From that point on, Duke outscored Tech 66-39. They finished the half 37-28 and it just got worse in the second.

"It just happened so fast. ... They got a couple of breakaways and the crowd got into it," Mo Miller told ESPN. "Then we got a couple of silly fouls, and the next thing you know they were up 20. It's a good thing to keep fighting, but it's highly unlikely that you'll come back on a Duke team when you're down by 20."

He's right about that of course, but there's something else worth noting:

After K's technical, after  a pace of almost one foul per minute, Duke wasn't called for another until the 17:49 mark in the second half.

Now basically, that's fine by us, and Duke did play better after that point, but it just underscores again the wildly inconsistent officiating.

Perhaps the most glaring example of this was when Tyler Thornton dribbled from near the scoreboard across to press row.  It was like watching heavy action in a pinball machine: he was hit three separate times but only the third was called. This wasn't something lost in heavy traffic in the lane, but rather highly visible. It was just flabbergasting.

Bizarre officiating aside, after a slow start, Duke did pretty well.  They defended Shumpert and Glen Rice, Jr., Tech's main weapons, very well:  Shumpert was held to 4-16 for 13 points and Rice to 4-14 for 12.
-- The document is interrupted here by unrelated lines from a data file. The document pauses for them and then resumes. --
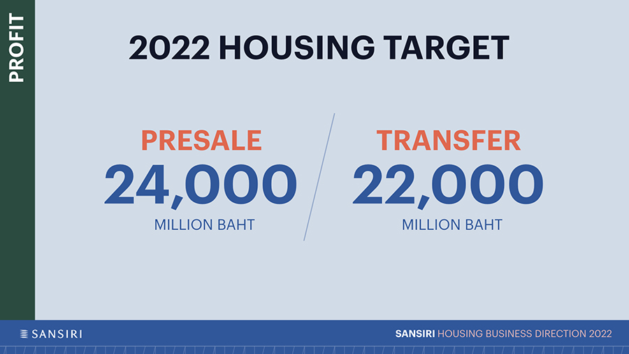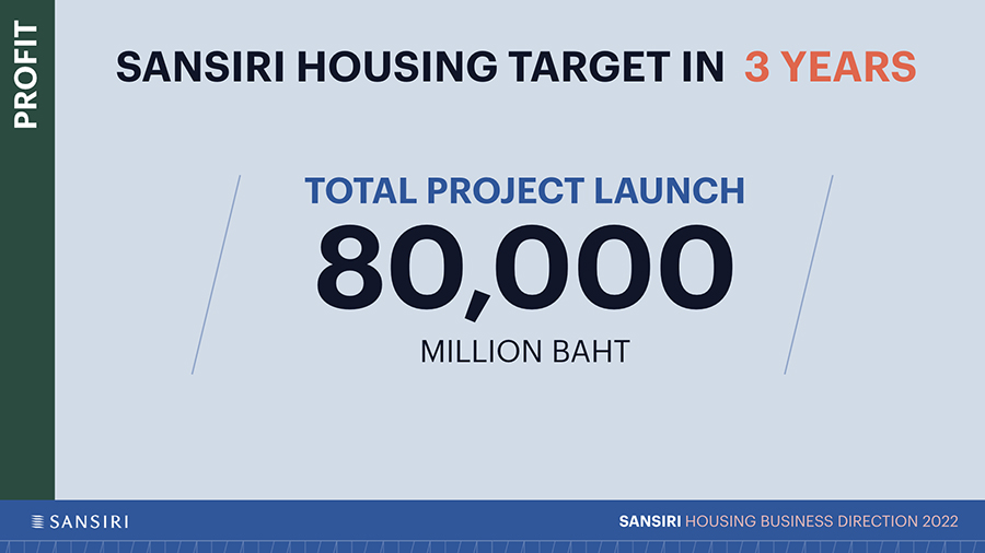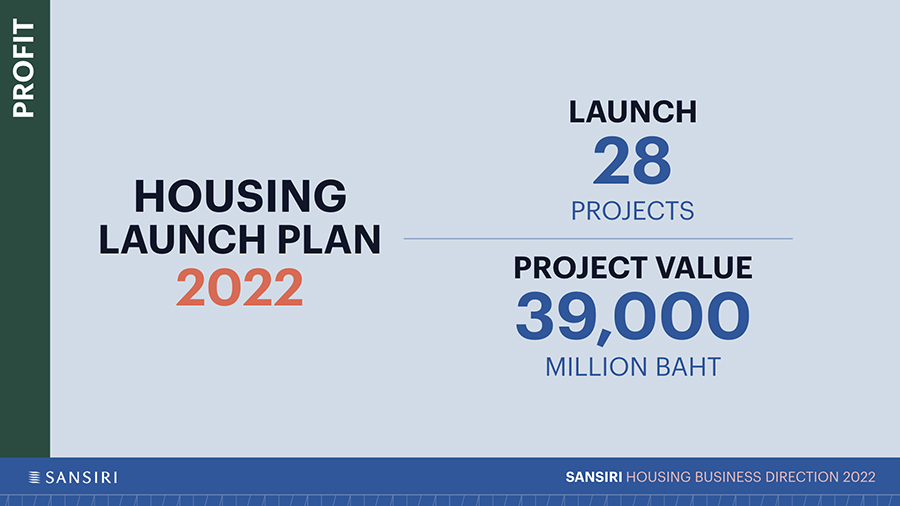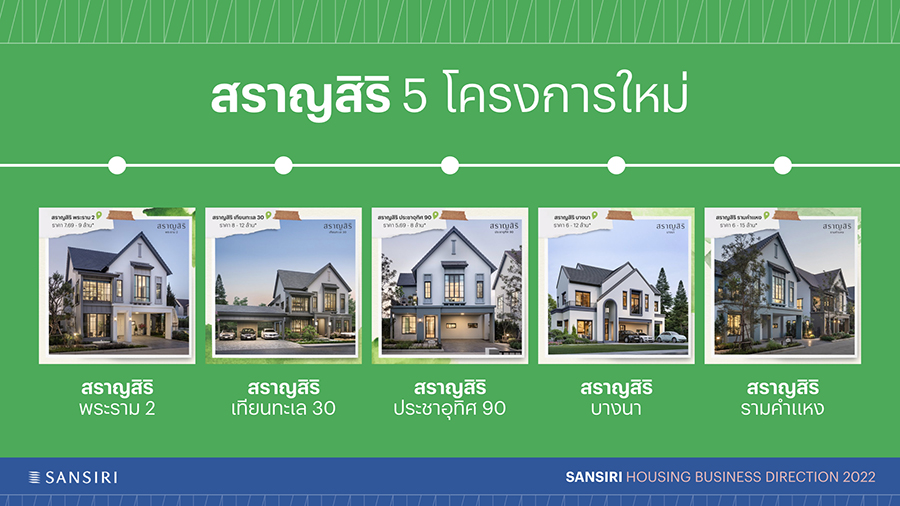 สำหรับแผนธุรกิจในการพัฒนาโครงการแนวราบในปี 2565 แสนสิริวางแผนเปิดตัวโครงการแนวราบ รวม 28 โครงการ มูลค่ารวม 39,000 ล้านบาท รุกแนวราบในสัดส่วนถึง 75% จากแผนเปิดตัวโครงการรวมในปีนี้ โดยแบ่งเป็นบ้านเดี่ยว 11 โครงการ มิกซ์โปรดักส์ 5 โครงการ และทาวน์โฮม 12 โครงการ ครอบคลุมทุกเซกเมนต์ในสัดส่วน Affordable 45% / Medium 26% / Premium 29% โดยตั้งเป้าหมายยอดขายโครงการแนวราบในปีนี้ไว้ที่ 24,000 ล้านบาท คิดเป็น 70% จากเป้าหมายยอดขายรวมของแสนสิริ พร้อมวางเป้ายอดโอนโครงการแนวราบไว้ที่ 22,000 ล้านบาท หรือคิดเป็น 63% จากเป้าหมายยอดโอนรวมของแสนสิริ เติบโตขึ้น 20% จากยอดโอนในปีที่ผ่านมาที่ทำได้ 18,300 ล้านบาท นอกจากนี้แสนสิริยังมองถึงความแข็งแกร่งระยะยาวในช่วง 3 ปี ที่จะเติบโตอย่างยั่งยืน ด้วยแผนการเปิดตัวโครงการแนวราบมูลค่ารวม 80,000 ล้านบาท พร้อมเป้าหมายยอดขายโครงการแนวราบ 3 ปีที่ 62,000 ล้านบาท สอดคล้องแผนธุรกิจระยะยาวที่เคยประกาศไว้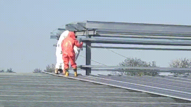 9月10日,潢川县工业大道一厂房员工发现屋檐上有马蜂窝,随即拨打119电话求助,消防救援人员到场并仔细勘察后,立刻穿戴好防蜂服,利用杀虫剂将蜂窝彻底清除。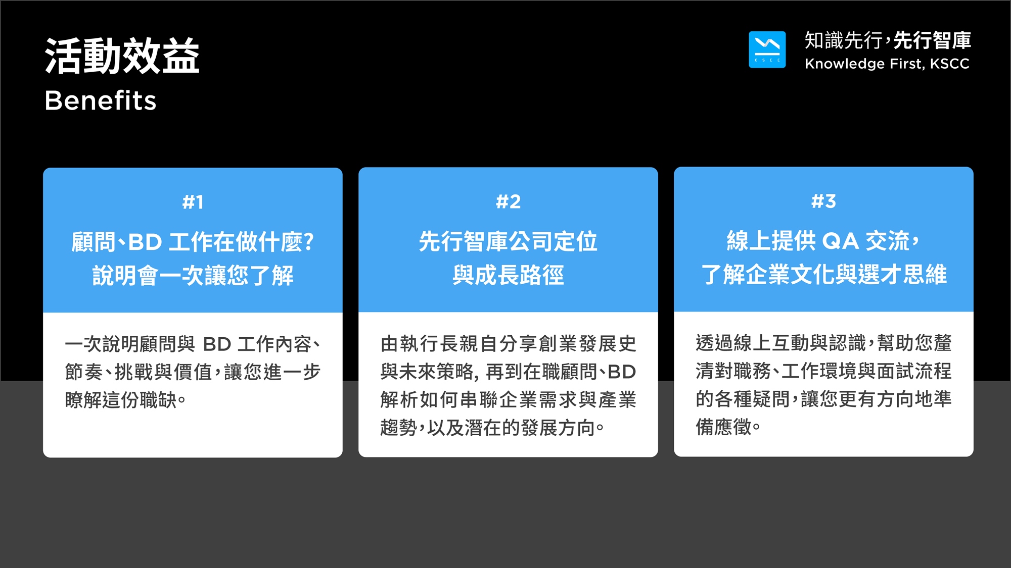 你對流程自動化或數據分析懷有熱情嗎?想了解科技管理顧問公司的 BD 團隊是如何經營客戶?先行智庫誠摯邀請您參加本次「顧問」與「BD」的招募說明會。 本次活動將由先行智庫創辦人兼執行長蘇書平 Steve 親自分享,讓您深入了解顧問與BD的工作日常、職涯發展藍圖,以及我們在挑選與培養團隊成員的思維。2025年預計僅開設一場,立即報名!
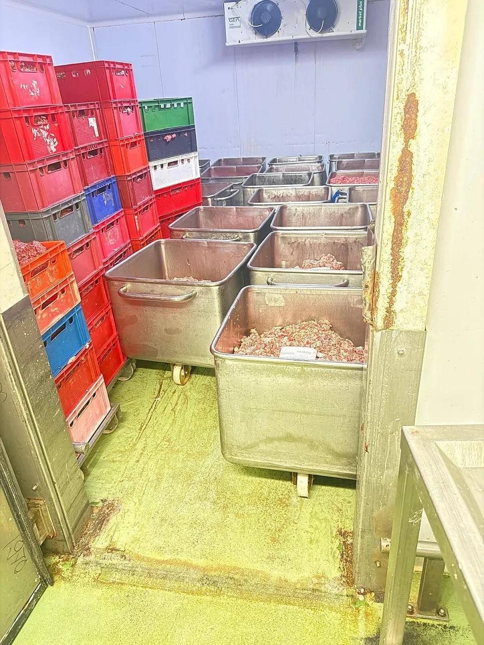 В друг склад са установени над 3 тона осолена сланина, за които не може да се докаже спазване на технологичния процес на обработка, както и 1 тон осолено месо, съхранявано в дървени съдове, които не позволяват ефективно почистване и дезинфекция.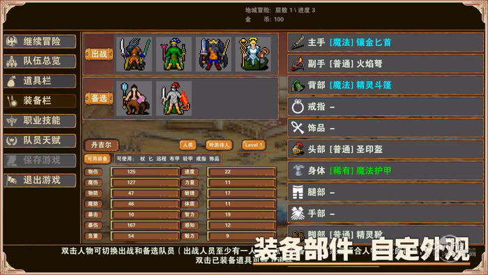 游戏目前在众筹中:(希望大家关注一下,哪怕是点个关注度都行的)《杀戮地城》是一款由个人开发的像素风格冒险游戏。在游戏中,玩家需要合理搭配操作角色的种族、职业、装备和技能组成小队进行地城探索,探索中会遇到各种各样的事件,这些事件会根据玩家当天所处的天气、地形、善恶值、队伍成员构成产生不同的结果,在地城冒险中不可避免会陷入战斗,合理的队伍构成会极大增加战斗的胜率,在地城探索中,你可以用的各种物品强化队伍,游戏还在不断完善中,如果有任何觉得不合理的地方,欢迎反馈给作者,希望您喜欢这个游戏。
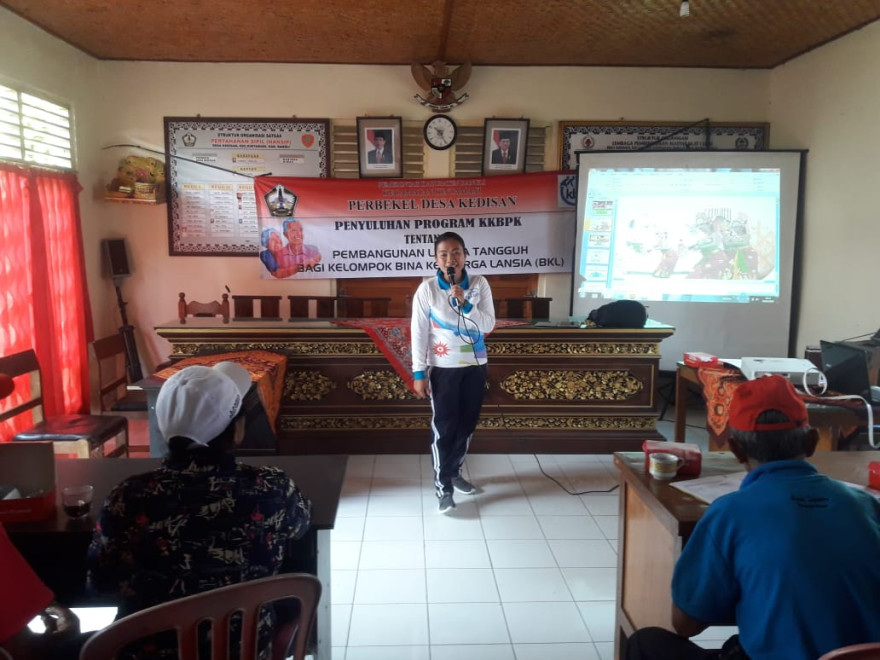 Jumat, 26 April 2019 di Ruang Pertemuan Perbekel Kedisan dilaksanakan Penyuluhan dari Ni Made Budi En, tentang pembangunan lansia tangguh bagi kelompok Bina Keluarga Lansia.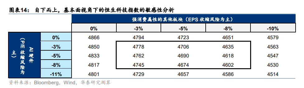 华泰证券从自下而上视角,对恒科指数企稳点位进行敏感性分析(不含地缘局势变数):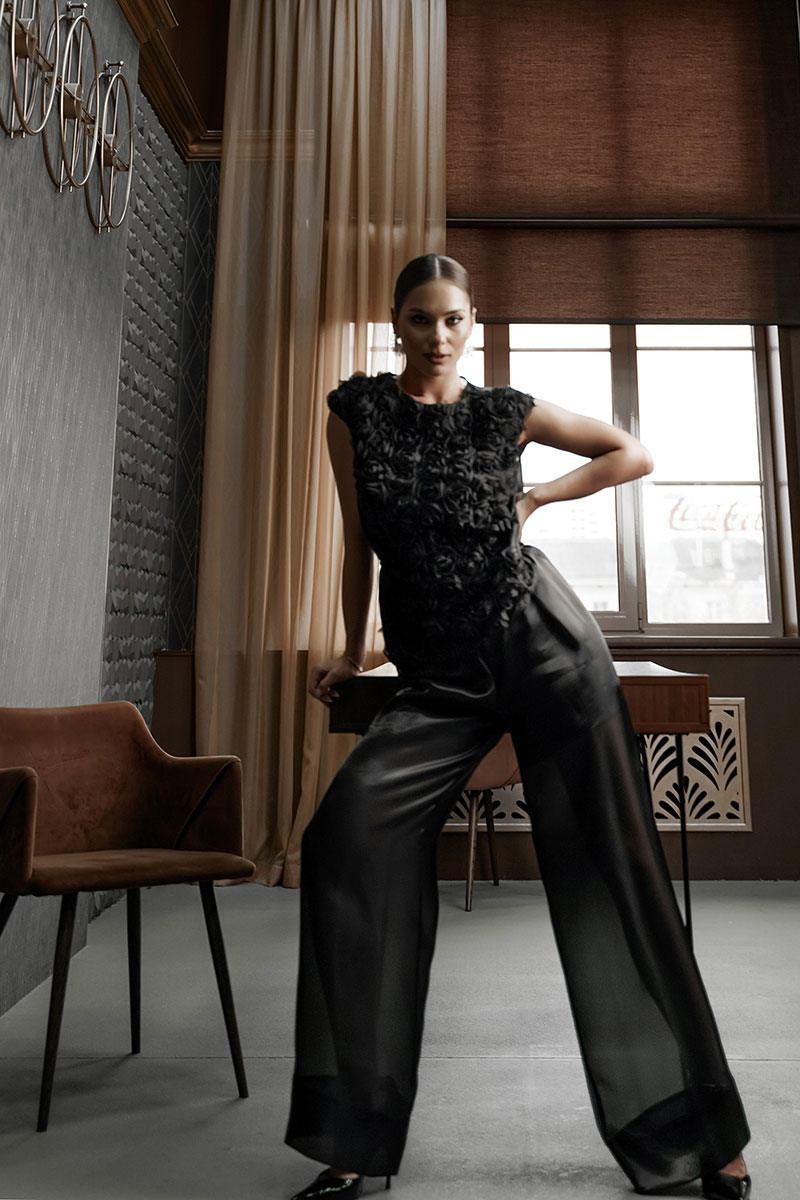 Блузка прямого силуэта со спущенным плечом. Перед из фактурной ткани «розы

Good thing for them that Mo Miller was 5-8 for 13, with several points on nice breakaways.

Nolan Smith had another great offensive game with 28 points, seven rebounds, and four assists.  Kyle Singler added 15 with nine boards, while Ryan Kelly tossed in 10.  Seth Curry had nine points and six assists, while Mason Plumlee just missed a double-double with nine points and nine boards.

Two guys should  come in for some special praise: Thornton, who did a tremendous job on defense, particularly on the much bigger Shumpert after Smith got in early foul trouble, and Kelly, who played with a lot of all-around savvy.

While we take issue with the way Georgia Tech sometimes plays, we do have a lot of admiration for their refusal to quit competing.  They kept trying until the final seconds.

And while as we said, it won't bother us not to play Hewitt again if that's how things work out, but the other day, he told Barry Jacobs that “[n]obody wants to hear that in 11 years, we’ve never had a guy in the paper for anything, not even jaywalking.”

That's certainly true to the best of our memory, and Hewitt deserves credit for those things. Generally speaking, his players graduate and stay out of trouble.

Unfortunately, that's usually not enough.  Georgia Tech is going to open a glittering new facility next season and this year they've had to just about give tickets away.  It's been a while since anyone has been excited about this program.  Next season is likely to mark a fresh start in a number of ways.